Using the data below, print exactly the line with "Clocks- 2 (Two)", the line with "Stemningen er god", and every line between them, but none of the pictures.

:: Exercise input ::
◇ ◇ ◇ ◇

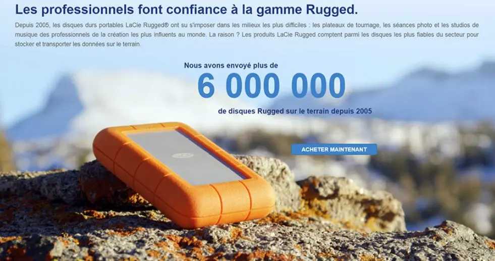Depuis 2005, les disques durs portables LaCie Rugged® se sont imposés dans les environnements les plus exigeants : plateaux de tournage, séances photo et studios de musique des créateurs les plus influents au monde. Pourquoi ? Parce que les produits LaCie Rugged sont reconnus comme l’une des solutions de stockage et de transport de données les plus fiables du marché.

◇ ◇ ◇ ◇

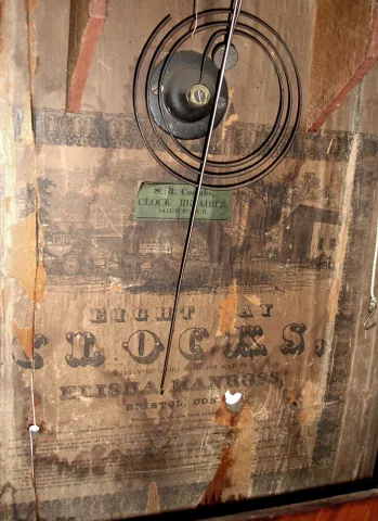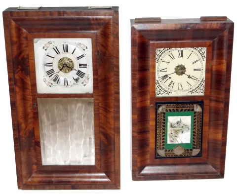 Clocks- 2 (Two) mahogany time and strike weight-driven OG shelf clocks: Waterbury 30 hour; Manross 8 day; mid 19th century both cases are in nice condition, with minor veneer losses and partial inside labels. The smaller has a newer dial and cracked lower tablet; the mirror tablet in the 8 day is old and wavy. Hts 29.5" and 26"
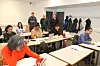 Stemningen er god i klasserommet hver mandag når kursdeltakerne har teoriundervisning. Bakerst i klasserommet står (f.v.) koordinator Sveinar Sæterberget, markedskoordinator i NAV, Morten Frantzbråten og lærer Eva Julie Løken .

◇ ◇ ◇ ◇

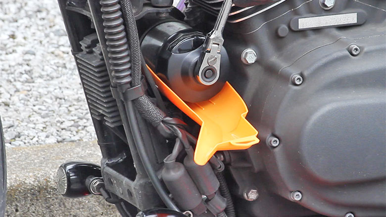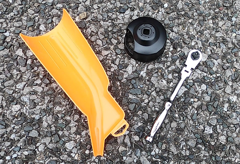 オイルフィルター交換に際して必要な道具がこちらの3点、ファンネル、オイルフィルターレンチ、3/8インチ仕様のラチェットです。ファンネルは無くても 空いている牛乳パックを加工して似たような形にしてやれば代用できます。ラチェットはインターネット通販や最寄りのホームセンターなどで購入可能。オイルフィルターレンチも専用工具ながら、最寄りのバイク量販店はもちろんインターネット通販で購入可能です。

◇ ◇ ◇ ◇

:: Completed exercise ::
 Clocks- 2 (Two) mahogany time and strike weight-driven OG shelf clocks: Waterbury 30 hour; Manross 8 day; mid 19th century both cases are in nice condition, with minor veneer losses and partial inside labels. The smaller has a newer dial and cracked lower tablet; the mirror tablet in the 8 day is old and wavy. Hts 29.5" and 26"
 Stemningen er god i klasserommet hver mandag når kursdeltakerne har teoriundervisning. Bakerst i klasserommet står (f.v.) koordinator Sveinar Sæterberget, markedskoordinator i NAV, Morten Frantzbråten og lærer Eva Julie Løken .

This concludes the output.